CENTER STAGE

★ ★ ★ ★

Mary Brancaccio

Image by Inge Poelman

I Discover Geometry

I guide my carbon pencil’s point
through arc and line as I birth

elegant forms on fields of graphing paper:
tessellations and dilations. I learn of love, the great

transversal that creates congruence from disparate
beings. In school, I never master complex sums,

but still I learn. Slopes and arrows flood
my dreams as my body shifts weight,

drops its ballast of gravity into my pelvis.
My breasts and hips bend lines into curves.

Startled by the fast-changing landscape,
I conjure patterns on pages, a secret

inside my delicate arches: a face
beneath mine – antipodal points

caught within spheres of attractions.
Years later, I found the man I sought. My thumb

marks the nape of his neck, my fingers navigate
scapulae of his back, his nipple’s raised ridge.
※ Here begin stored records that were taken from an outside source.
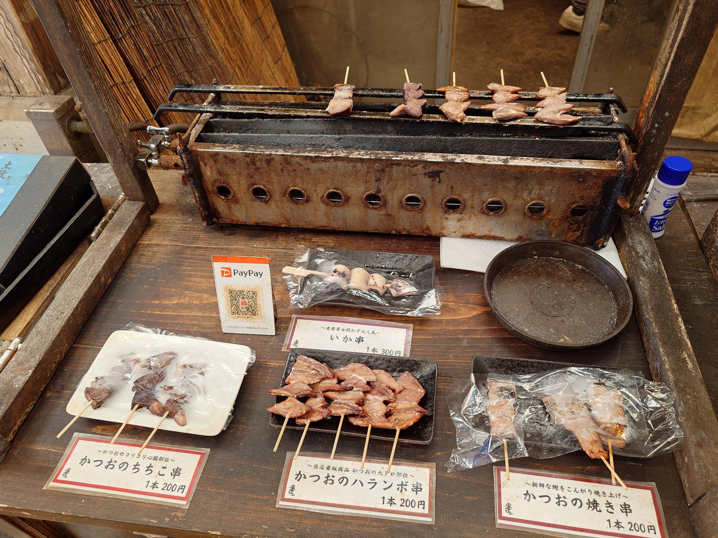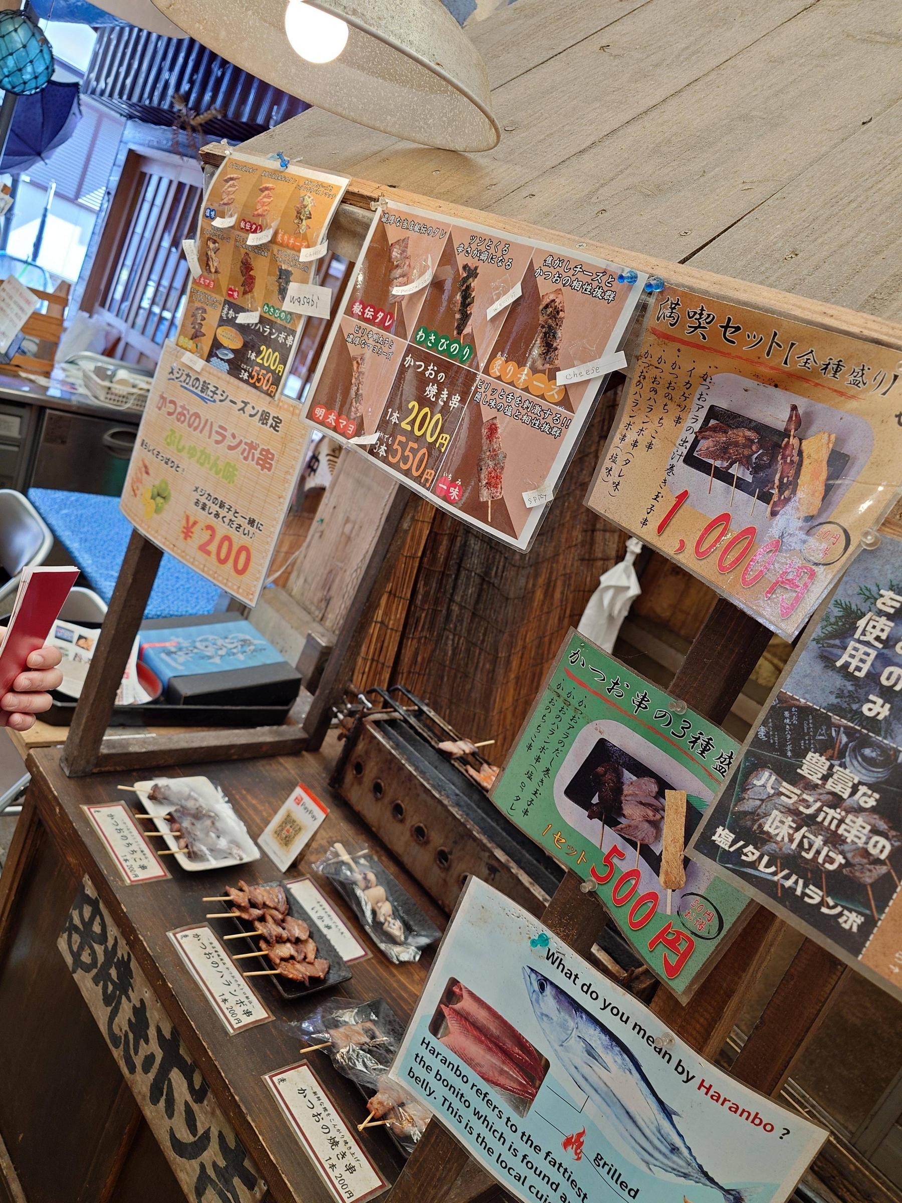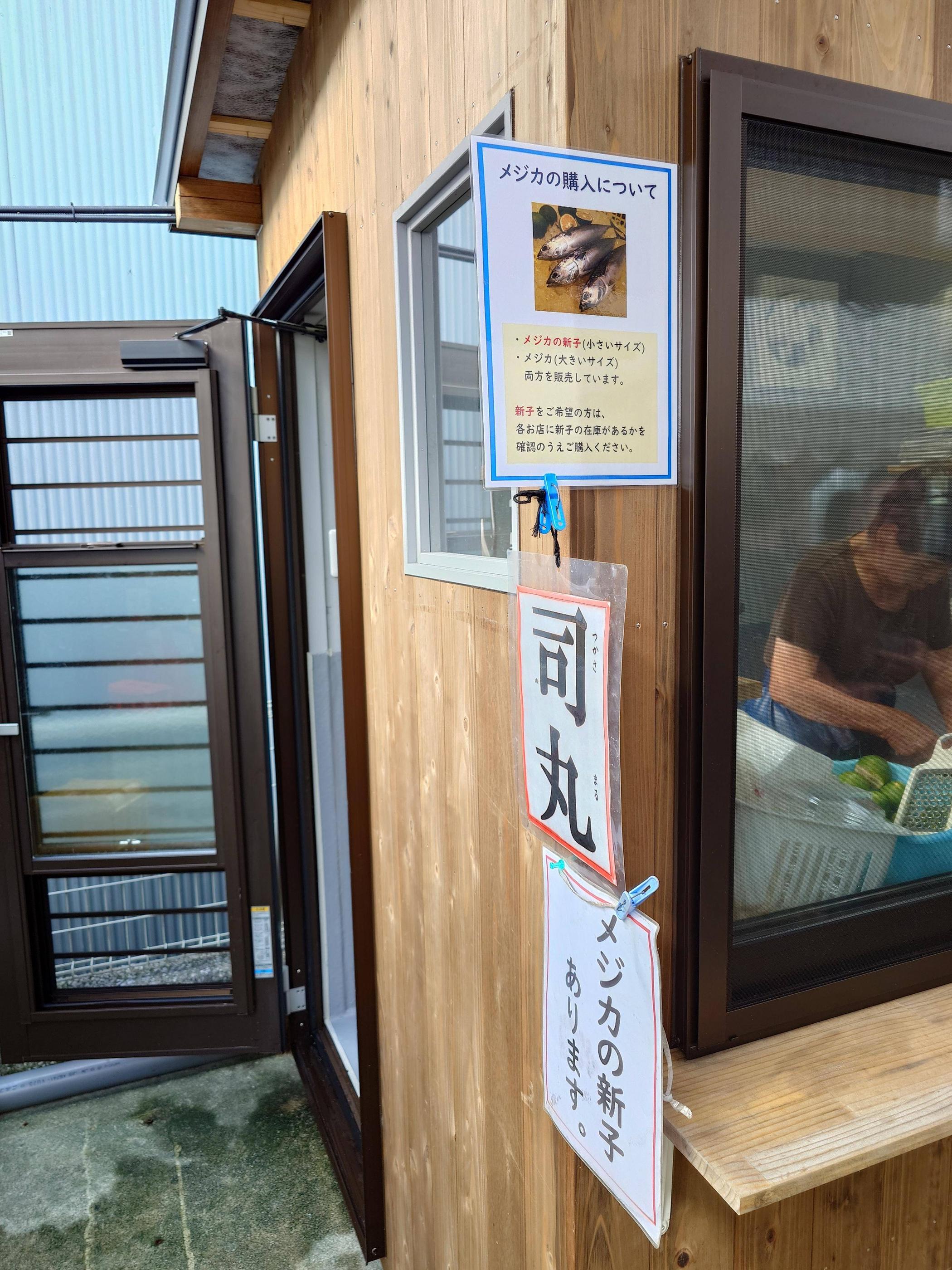 どの店も旦那さんが漁で釣ってきたばかりのメジカを奥さんがさばいて販売してるんだ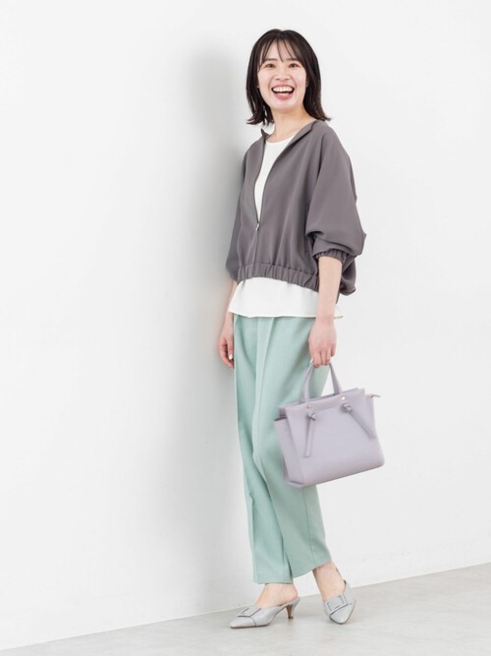 落ち感のある素材でボリュームのあるスリーブでこなれ感のあるジップアップブルゾンの渋めカーキに、リネンライクのミントカラーのパンツをあわせて、爽やかでクールな大人のオフィスコーデに。
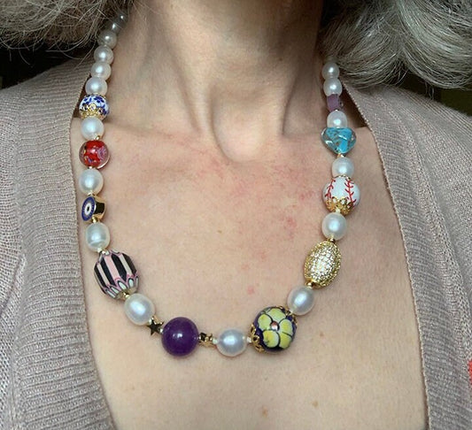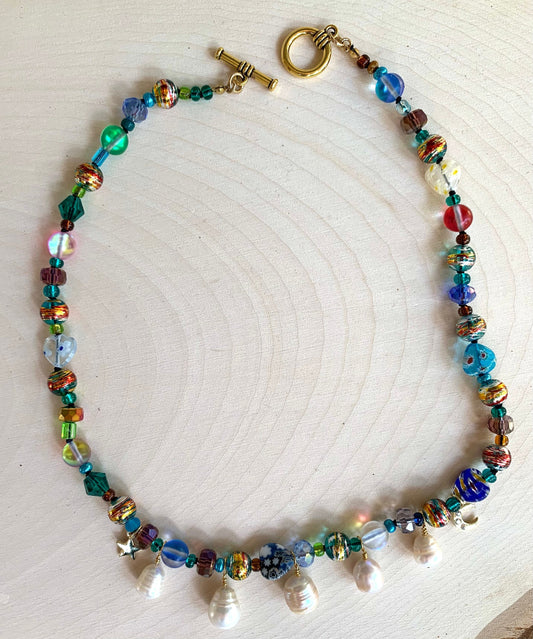Boho Chic Pearl Millefiori Glass Crystal Necklace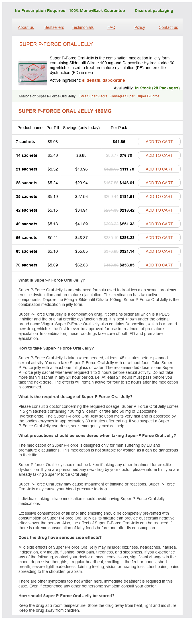 Super P-Force Oral Jelly packs: 7 sachets, 14 sachets, 21 sachets, 28 sachets, 35 sachets, 42 sachets, 49 sachets, 56 sachets, 63 sachets, 70 sachets

My hands ride the concavity of his lower back, angles
of knees and elbows nestled together, as fluidity

open to possible worlds, damp hair pressed
against his hip. In time, our breathless gasps subside.

We fall toward sleep, embossed on wrinkled sheets.
We have weathered broken space, parallel lives of discontent,

skewed paths to learn fidelity is less a ring than a Mobius strip.
What little I knew of love’s fierce geometry.

Children’s Park by London’s Imperial War Museum

Like a widow outside a circle of wives, I watch my son play
as the other mothers, who’ve grown old together in tower flats,
eye me. One brings me tea in a chipped cup

from the mother shack, and we talk, though my accent breaks
as discordant notes on her Cockney ear. She carries my news
back to her crow-eyed fold. I am a mystery queried a moment:

a daguerreotype of a dead aunt in her Sunday best
a bronze visage on a foreign coin, too far removed
from the day’s laundry piles and thin soup to matter much. Chill

of October surprises with its sudden arrival outside
this mausoleum to empire that jails bedlam under brocade
and hushed paint. Near its iron gate, a last rose

holds its own against the onrush, so I press my face to it,
hear grandma’s song, sweet with its honey of lullaby, here
in this country she loved and despised, its queen, its reach

that clawed its way into her mother’s house to claim
a son. I am a child that suckled at the breast
of resentment. Some here would pen the likes of me

in wired camps, death traps, workhouses for the poor
another stolen generation. But I walk these streets free,
my boy in my arms, knowing our suitcase lives

will not end in this grey whale that swallowed a world
and then spit out what it could not consume.

Idling

Blossoming from the crumbling remains
of Petey, our dead family cat
an overpowering stench
neighbors blamed on the gingko —

inside his ribs, pennies fell into wells
as our daughters wished for his return.
Deep in the green copper of words
are missives I wrote, but never sent.

Carload of kids, you in the driver’s seat
tie askew, wearing that look I dread.
Snap to synapse, the gap
between neurons, the miracle of us:

How it keeps. How it keeps.

Loma Prieta Quake, 1989

I reach toward a cantaloupe
and tremors begin. Shocked
by my weightless arms
I whisper, Where’s the baby?

The floor undulates
beneath my feet. Pinned
to a pillar, a store clerk pleads
Oh god, oh god, oh god.

Yesterday, at Children’s Hospital
David and I sat in a hall, fingers woven
with worry, our baby’s skin
bright copper. Forced to stop

nursing, my breasts engorged
and our freezer filled with my milk.
We imagined our TV campaign:
begging strangers for money

for baby Nicky’s transplant. Now
I silence sound as glass cracks,
ceiling tiles creak and snap,
the three of us nestled like Russian dolls.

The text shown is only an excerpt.